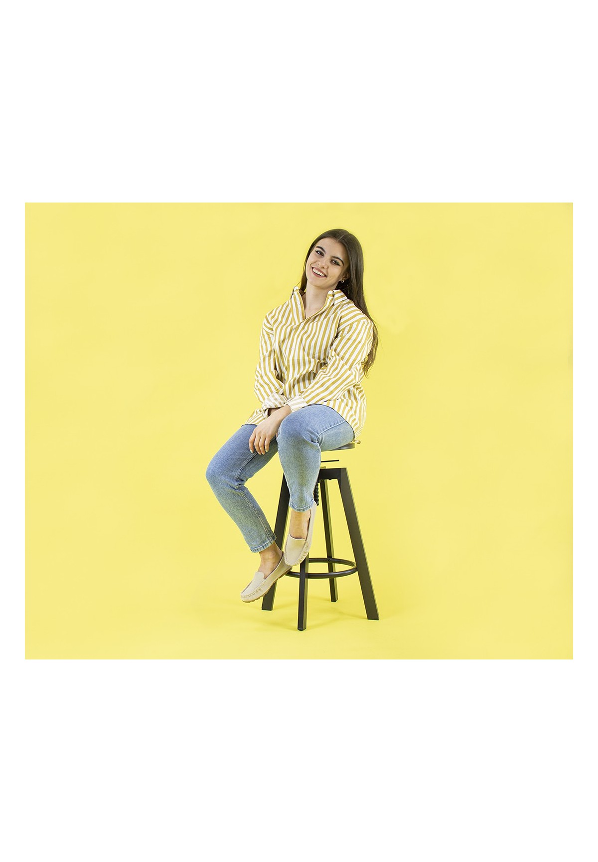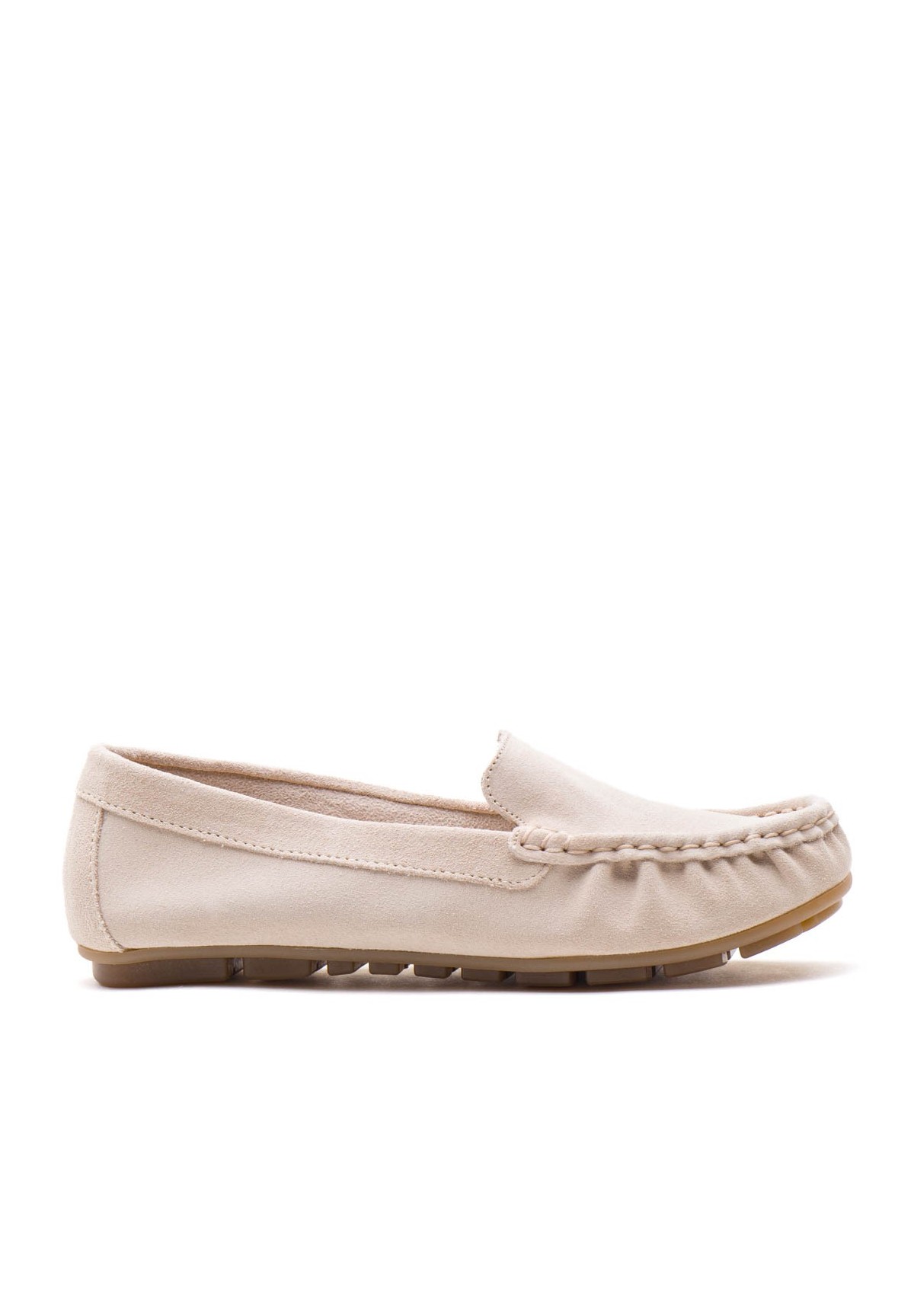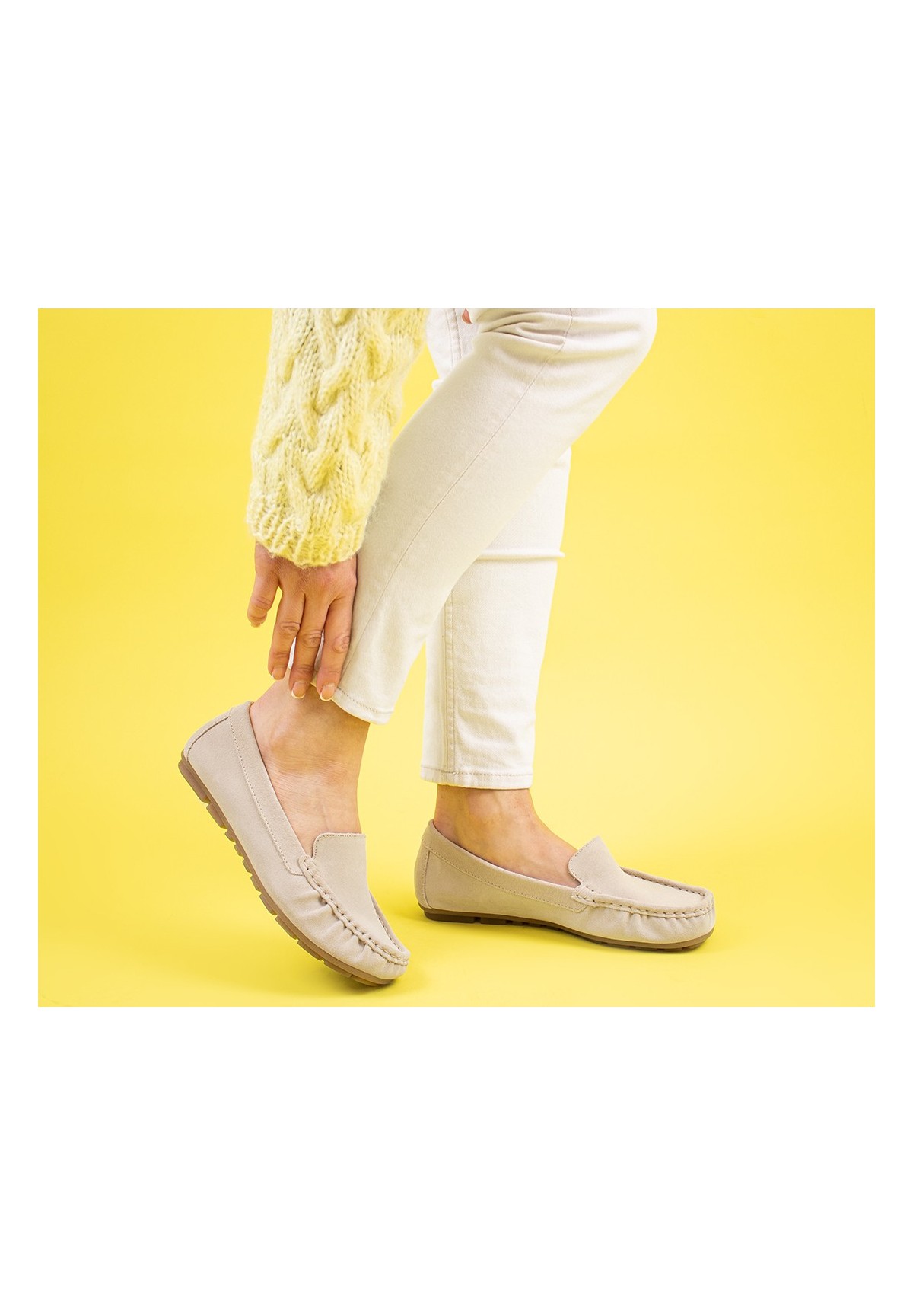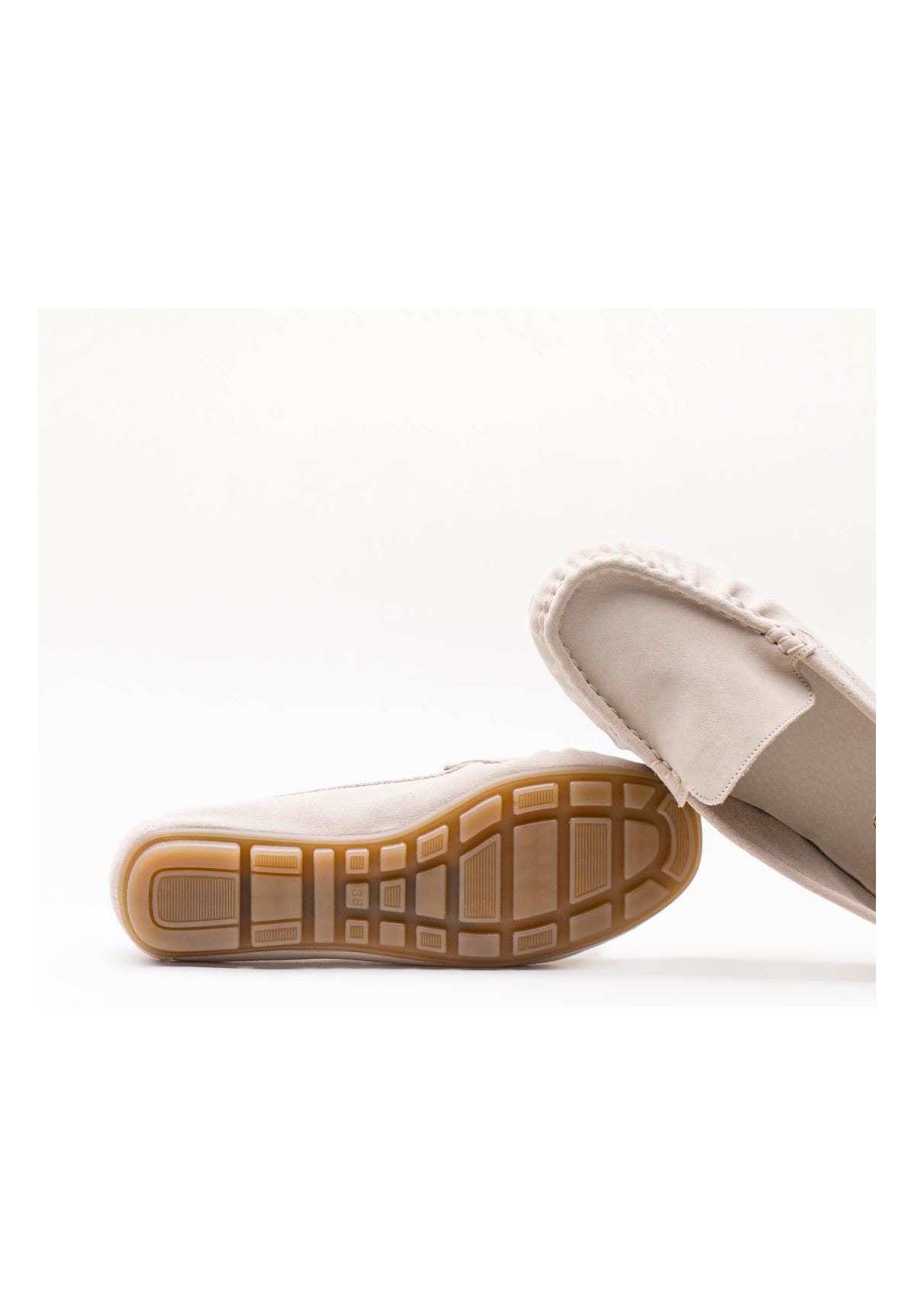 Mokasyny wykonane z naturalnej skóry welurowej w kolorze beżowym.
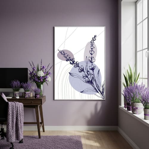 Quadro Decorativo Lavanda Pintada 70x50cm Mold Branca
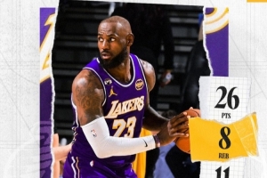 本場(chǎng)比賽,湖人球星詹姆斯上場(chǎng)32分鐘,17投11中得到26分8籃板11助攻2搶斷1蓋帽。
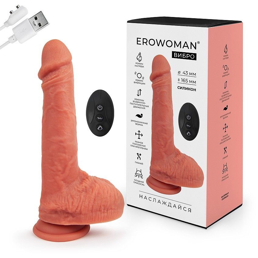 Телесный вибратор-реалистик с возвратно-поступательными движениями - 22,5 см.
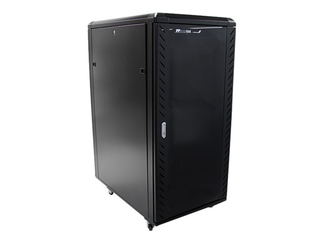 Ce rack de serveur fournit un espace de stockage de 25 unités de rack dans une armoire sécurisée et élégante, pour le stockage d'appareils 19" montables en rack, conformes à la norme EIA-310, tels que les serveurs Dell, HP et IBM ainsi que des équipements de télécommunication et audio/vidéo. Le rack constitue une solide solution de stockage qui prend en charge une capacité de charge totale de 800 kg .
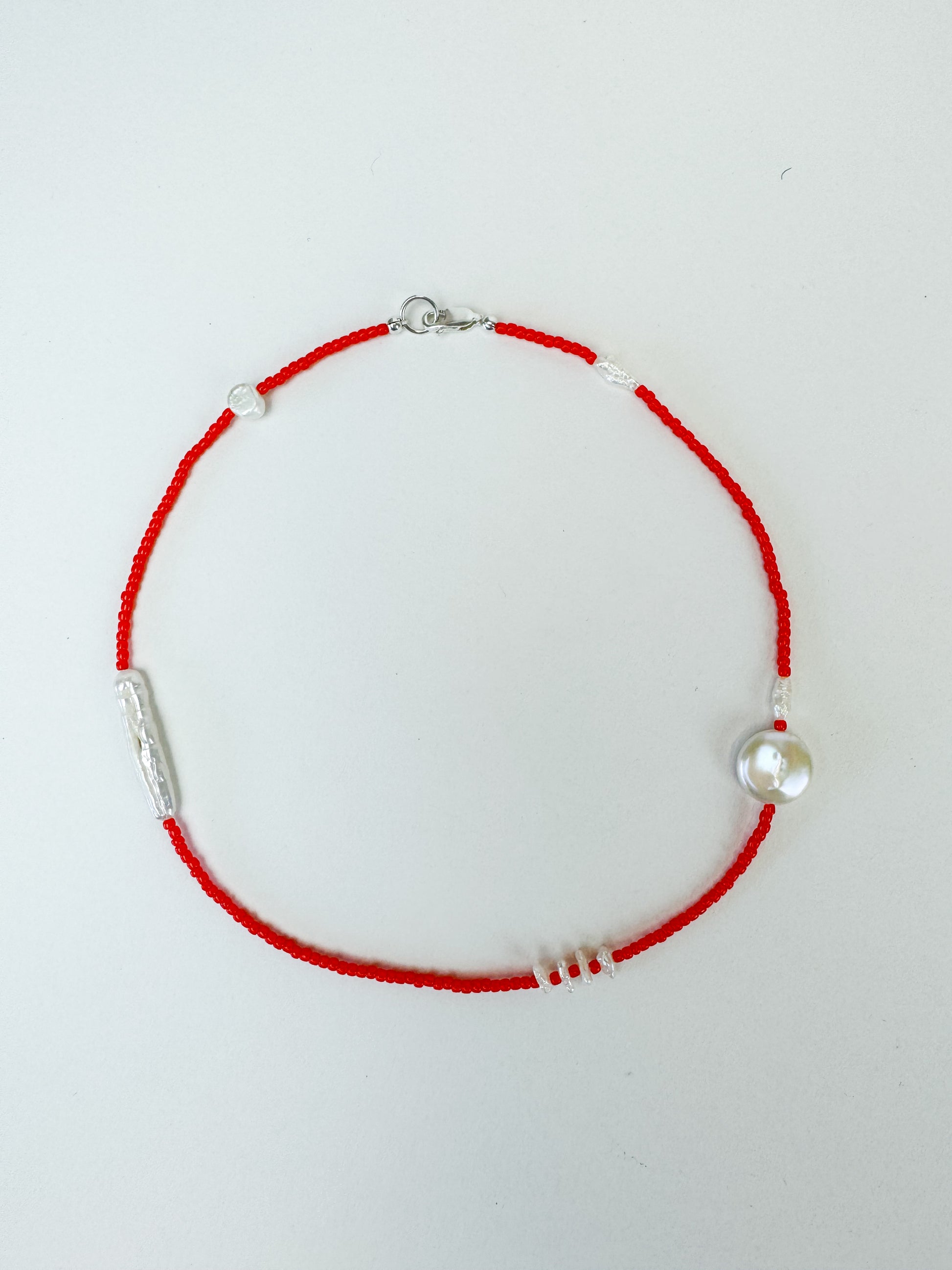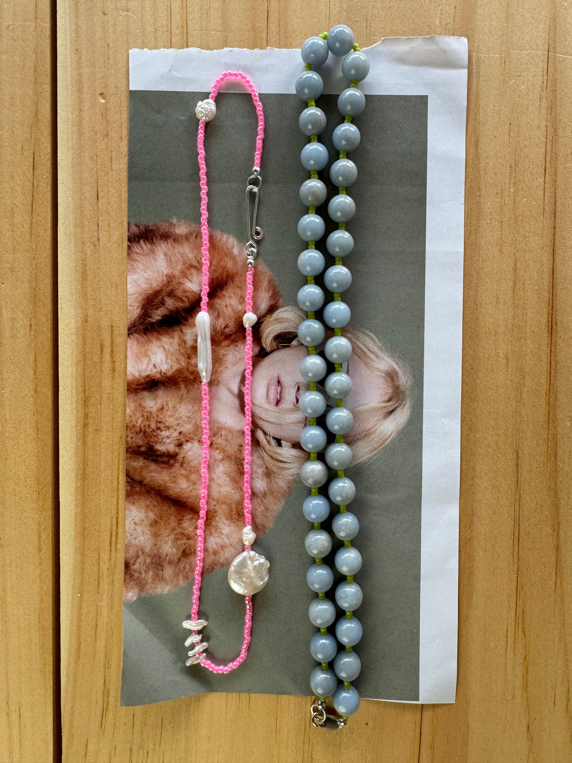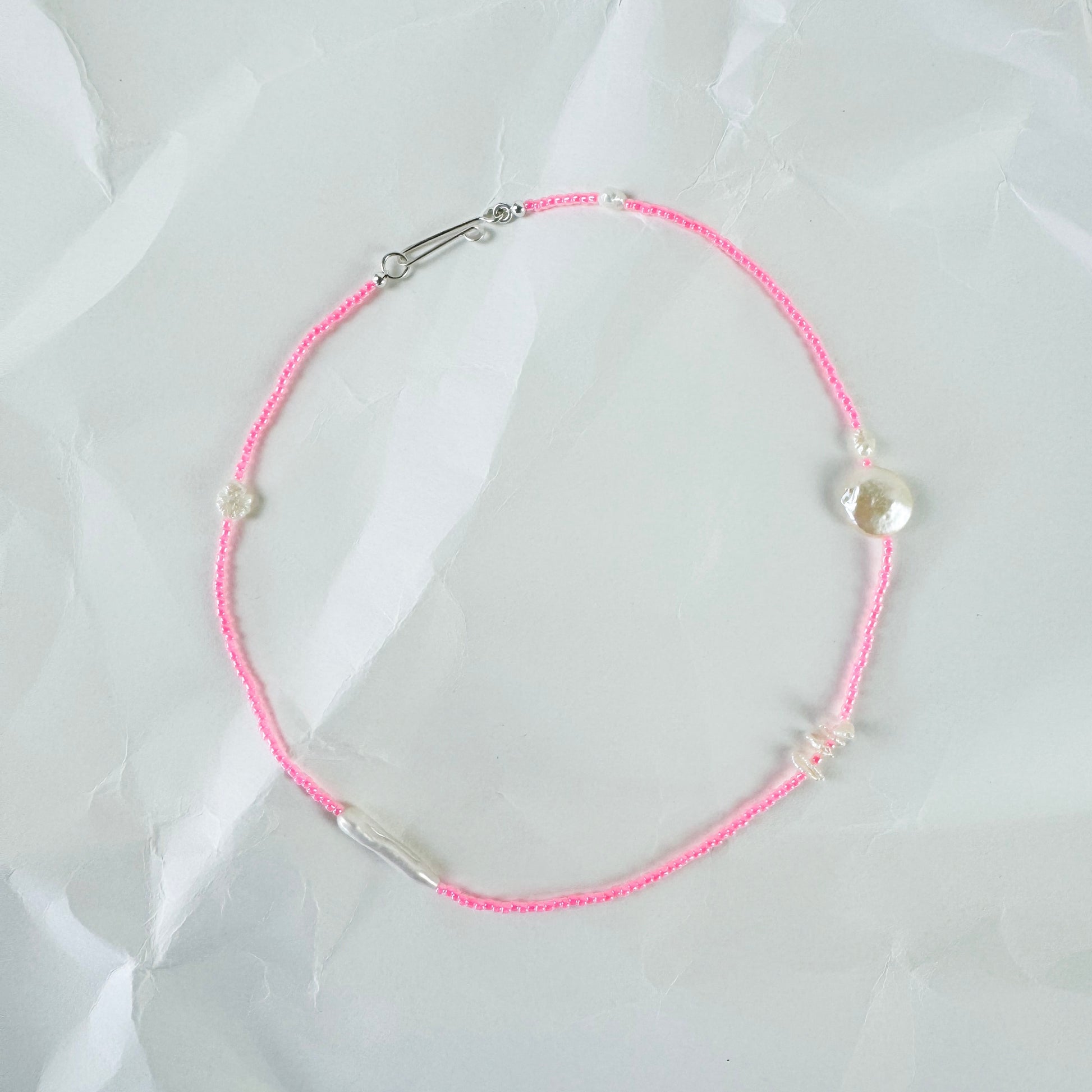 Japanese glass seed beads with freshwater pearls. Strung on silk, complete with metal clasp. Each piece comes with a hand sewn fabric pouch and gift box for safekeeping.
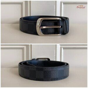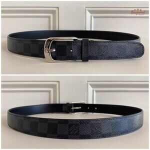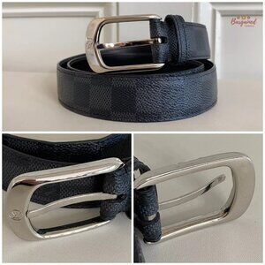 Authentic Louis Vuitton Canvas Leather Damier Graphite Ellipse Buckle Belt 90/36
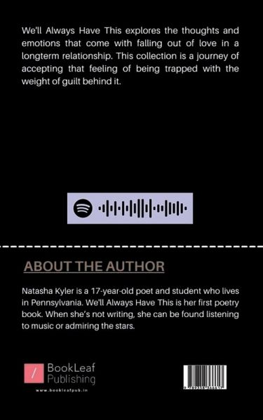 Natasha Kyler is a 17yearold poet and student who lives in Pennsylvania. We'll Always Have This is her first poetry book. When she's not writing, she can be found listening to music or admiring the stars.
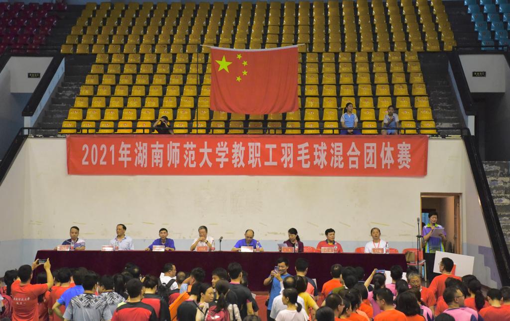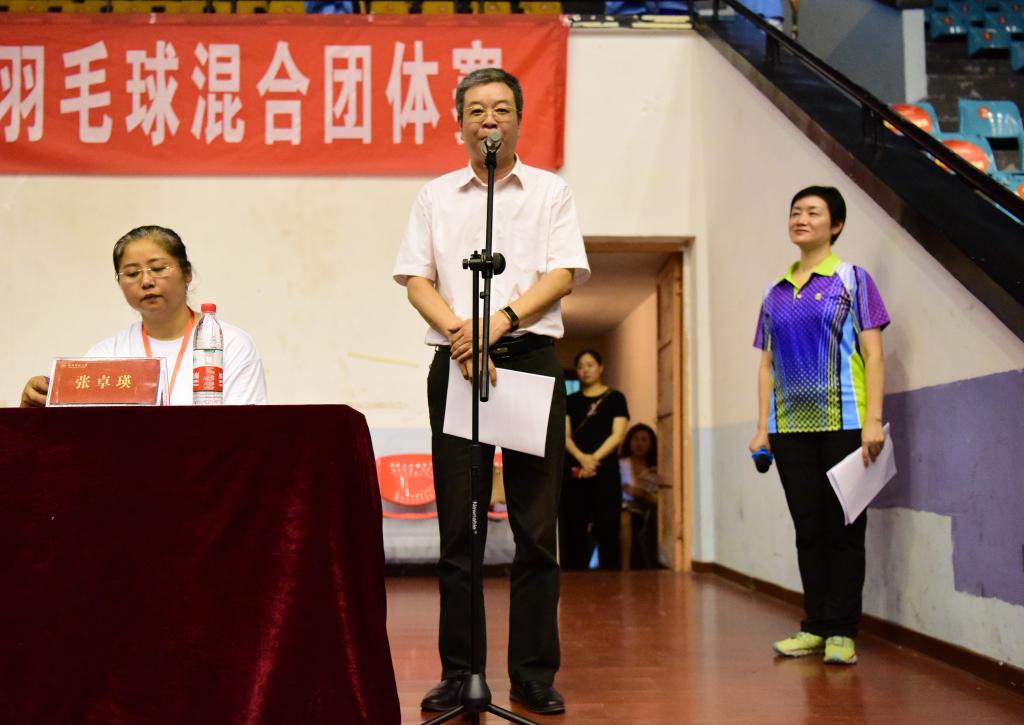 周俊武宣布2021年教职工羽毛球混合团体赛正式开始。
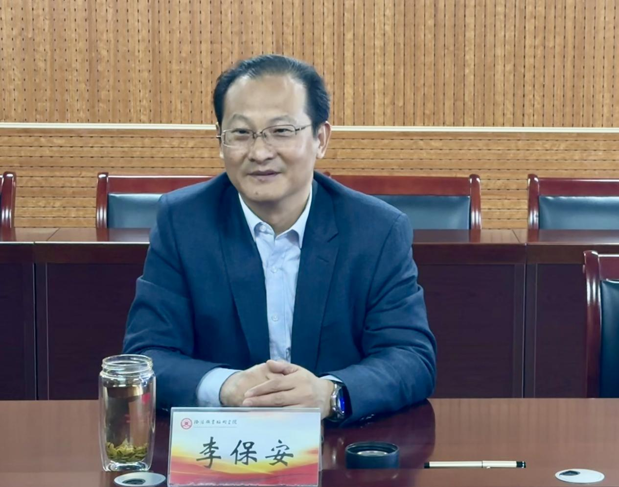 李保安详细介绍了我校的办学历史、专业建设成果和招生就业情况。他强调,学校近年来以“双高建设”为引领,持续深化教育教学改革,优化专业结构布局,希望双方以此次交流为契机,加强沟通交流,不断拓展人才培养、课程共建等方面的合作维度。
◇ ◇ ◇ ◇ ◇ ◇ ◇
▶ [What is expected]:
Every entry above needs to be duplicated precisely, and none of the pictures should appear.

▶ [Task result]:
 Mokasyny wykonane z naturalnej skóry welurowej w kolorze beżowym.
 Quadro Decorativo Lavanda Pintada 70x50cm Mold Branca
 本場(chǎng)比賽,湖人球星詹姆斯上場(chǎng)32分鐘,17投11中得到26分8籃板11助攻2搶斷1蓋帽。
 Телесный вибратор-реалистик с возвратно-поступательными движениями - 22,5 см.
 Ce rack de serveur fournit un espace de stockage de 25 unités de rack dans une armoire sécurisée et élégante, pour le stockage d'appareils 19" montables en rack, conformes à la norme EIA-310, tels que les serveurs Dell, HP et IBM ainsi que des équipements de télécommunication et audio/vidéo. Le rack constitue une solide solution de stockage qui prend en charge une capacité de charge totale de 800 kg .
 Japanese glass seed beads with freshwater pearls. Strung on silk, complete with metal clasp. Each piece comes with a hand sewn fabric pouch and gift box for safekeeping.
 Authentic Louis Vuitton Canvas Leather Damier Graphite Ellipse Buckle Belt 90/36
 Natasha Kyler is a 17yearold poet and student who lives in Pennsylvania. We'll Always Have This is her first poetry book. When she's not writing, she can be found listening to music or admiring the stars.
 周俊武宣布2021年教职工羽毛球混合团体赛正式开始。
 李保安详细介绍了我校的办学历史、专业建设成果和招生就业情况。他强调,学校近年来以“双高建设”为引领,持续深化教育教学改革,优化专业结构布局,希望双方以此次交流为契机,加强沟通交流,不断拓展人才培养、课程共建等方面的合作维度。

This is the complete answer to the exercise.